[RECORDS SUPPLIED Boundary: Start]

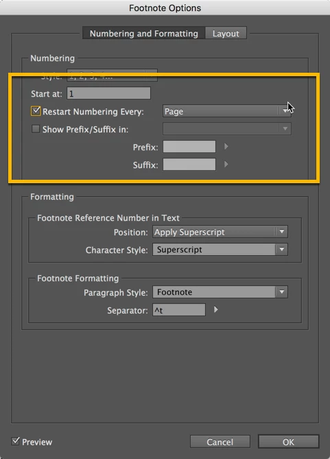 I'm working on a document with superscript endnote numbers within the text. I copied over the text from a word document, in the word document the endnote numbers ascend to the end of the chapter and then reset at the beginning of the next, however when I copied them over InDesign renumbered them so they now ascend continuously through the book. Annoyingly I didn't realise and set the book and the author now wants them back as they were.
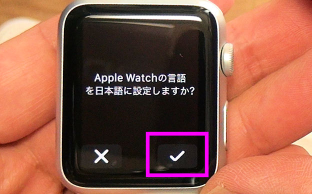 日本語に設定していいか確認してくるので、右下のチェックマークをタップします。
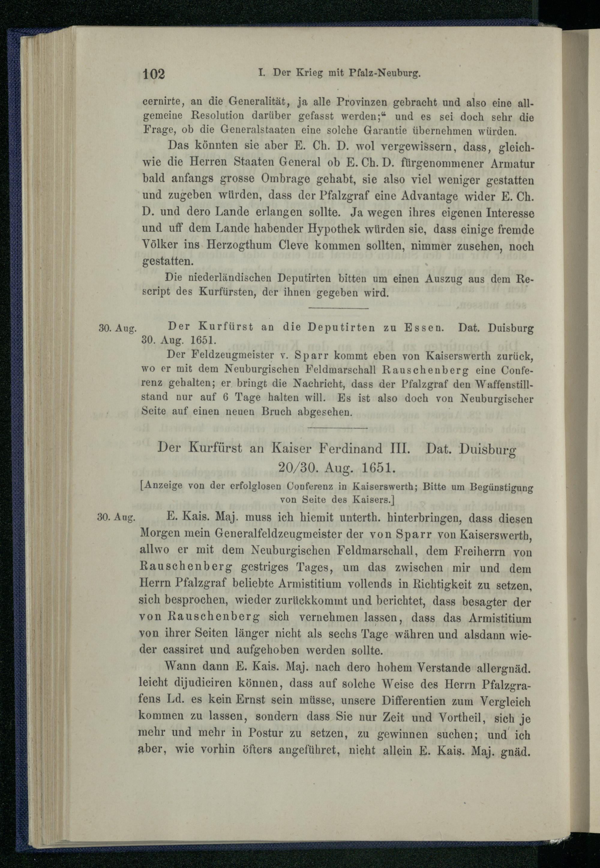 I. Der Krieg mit Pfalz-Neuburg 1651.
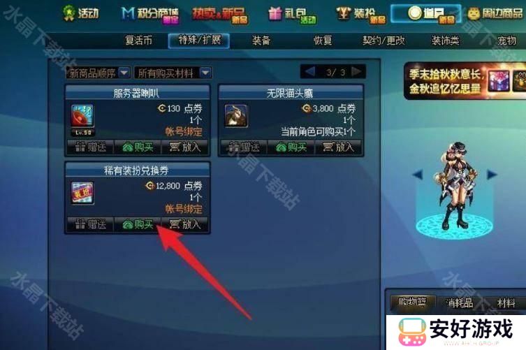 道具商城的【特殊/扩展】中可以购买装扮兑换券,需要12800点券(128元)。
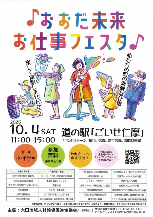 10月4日(土)に、道の駅「ごいせ仁摩」にて職業体験イベント「♪おおだ未来お仕事フェスタ♪」を開催します!
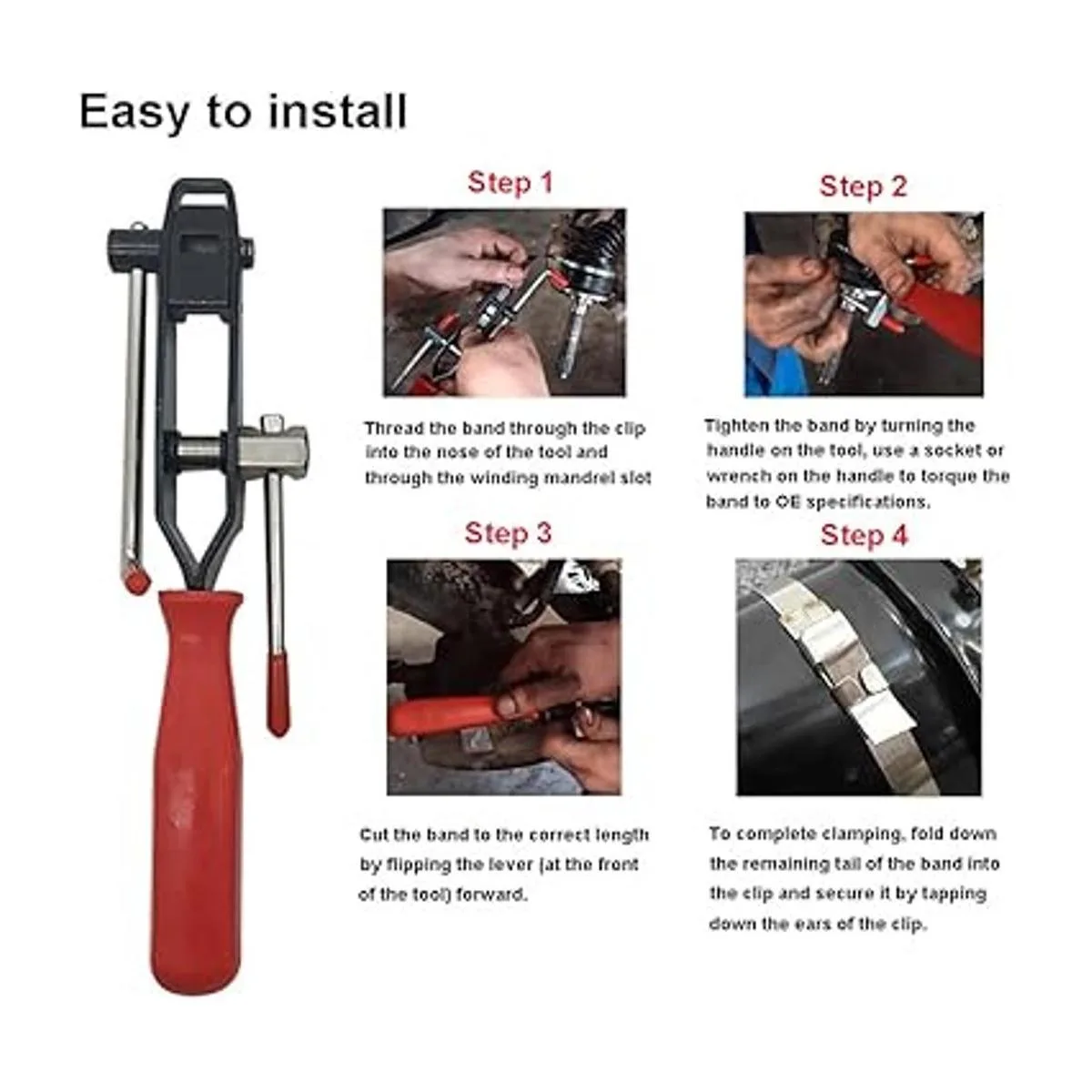Herramienta de banda de abrazadera de junta CV: hecha de acero de alta calidad, uso con correas de banda de hasta 0.394 in de ancho, 0.024 in de grosor, con un cortador integrado y mecanismo de bobinado, la banda se puede apretar y cortar rápida y eficazmente. Nota: las correas de banda no están incluidas, solo se incluyen las abrazaderas de crimpado de oreja que se muestran en la imagen
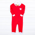 Your little one will be dreaming of Christmas in this adorable Happy Santa Red Zip Sleeper! This soft and comfy red knit onesie is perfect for the holiday season. It features an embroidered Santa on the side and cute white ribbing for a festive touch. With an easy zip-up front and a sewn-down back flap, this sleeper is both practical and charming. Available in selected sizes as both footed and footless options. It’s the perfect Christmas gift for your little one! Add a monogram to make this sleeper even more special!
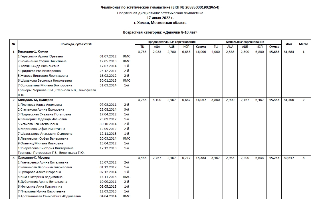 После завершения всех выступлений, вы можете сформировать соответствующий Итоговый протокол:
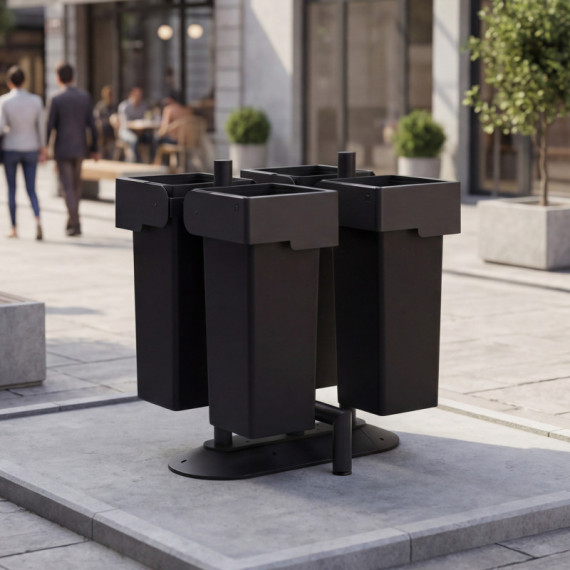 Portarifiuti MODULA - da terra - coperto - con contenitore - quadruplo - 90 x 90 x 107,5 cm - 73+73+73+73 L - antracite
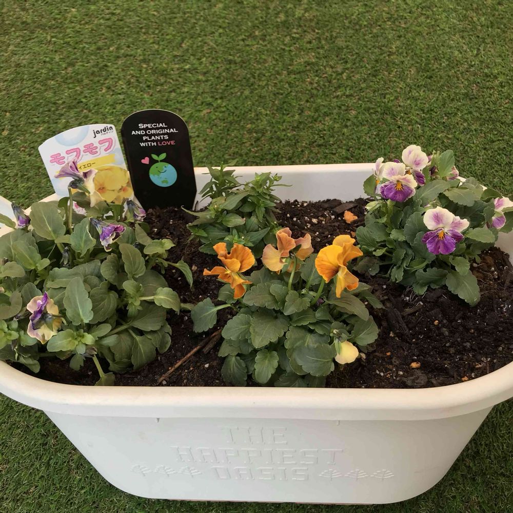 📌② 花ちゃんビオラ3🌱とハルディンさんのネメシアモフモフイエロー🌱をグローコンテナに寄せてみました🐒🎶
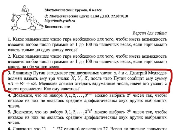 Быстро отреагировали: страничка с этой задачкой из сайта math.grich.ru уже удалена...
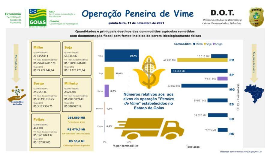 A Operação Peneira de Vime que acontece nesta manhã de quinta-feira, 11, em Goiás iniciou com o trabalho de auditores fiscais da Gerência de Arrecadação e Fiscalização (GEAF) e Coordenação do Agronegócio da Economia (Coagro), que verificando a fraude requereram a intervenção policial. A Polícia Civil, por meio da Delegacia Estadual de Repressão a Crimes Contra a Ordem Tributária (DOT), em conjunto com a Secretaria de Estado da Economia (SECON), estão cumprindo 29 mandados de busca e apreensão, 07 mandados de prisão temporária, e a suspensão das atividades de 17 empresas, bem como o bloqueio de 60 milhões de reais das contas dos investigados.

[RECORDS SUPPLIED Boundary: End]

→ **DESCRIPTION OF THE TASK**
Write out all of the records above. Keep them exact and leave out the pictures.

→ **RESULT FOR THIS EXERCISE**
 I'm working on a document with superscript endnote numbers within the text. I copied over the text from a word document, in the word document the endnote numbers ascend to the end of the chapter and then reset at the beginning of the next, however when I copied them over InDesign renumbered them so they now ascend continuously through the book. Annoyingly I didn't realise and set the book and the author now wants them back as they were.
 日本語に設定していいか確認してくるので、右下のチェックマークをタップします。
 I. Der Krieg mit Pfalz-Neuburg 1651.
 道具商城的【特殊/扩展】中可以购买装扮兑换券,需要12800点券(128元)。
 10月4日(土)に、道の駅「ごいせ仁摩」にて職業体験イベント「♪おおだ未来お仕事フェスタ♪」を開催します!
Herramienta de banda de abrazadera de junta CV: hecha de acero de alta calidad, uso con correas de banda de hasta 0.394 in de ancho, 0.024 in de grosor, con un cortador integrado y mecanismo de bobinado, la banda se puede apretar y cortar rápida y eficazmente. Nota: las correas de banda no están incluidas, solo se incluyen las abrazaderas de crimpado de oreja que se muestran en la imagen
 Your little one will be dreaming of Christmas in this adorable Happy Santa Red Zip Sleeper! This soft and comfy red knit onesie is perfect for the holiday season. It features an embroidered Santa on the side and cute white ribbing for a festive touch. With an easy zip-up front and a sewn-down back flap, this sleeper is both practical and charming. Available in selected sizes as both footed and footless options. It’s the perfect Christmas gift for your little one! Add a monogram to make this sleeper even more special!
 После завершения всех выступлений, вы можете сформировать соответствующий Итоговый протокол:
 Portarifiuti MODULA - da terra - coperto - con contenitore - quadruplo - 90 x 90 x 107,5 cm - 73+73+73+73 L - antracite
 📌② 花ちゃんビオラ3🌱とハルディンさんのネメシアモフモフイエロー🌱をグローコンテナに寄せてみました🐒🎶
 Быстро отреагировали: страничка с этой задачкой из сайта math.grich.ru уже удалена...
 A Operação Peneira de Vime que acontece nesta manhã de quinta-feira, 11, em Goiás iniciou com o trabalho de auditores fiscais da Gerência de Arrecadação e Fiscalização (GEAF) e Coordenação do Agronegócio da Economia (Coagro), que verificando a fraude requereram a intervenção policial. A Polícia Civil, por meio da Delegacia Estadual de Repressão a Crimes Contra a Ordem Tributária (DOT), em conjunto com a Secretaria de Estado da Economia (SECON), estão cumprindo 29 mandados de busca e apreensão, 07 mandados de prisão temporária, e a suspensão das atividades de 17 empresas, bem como o bloqueio de 60 milhões de reais das contas dos investigados.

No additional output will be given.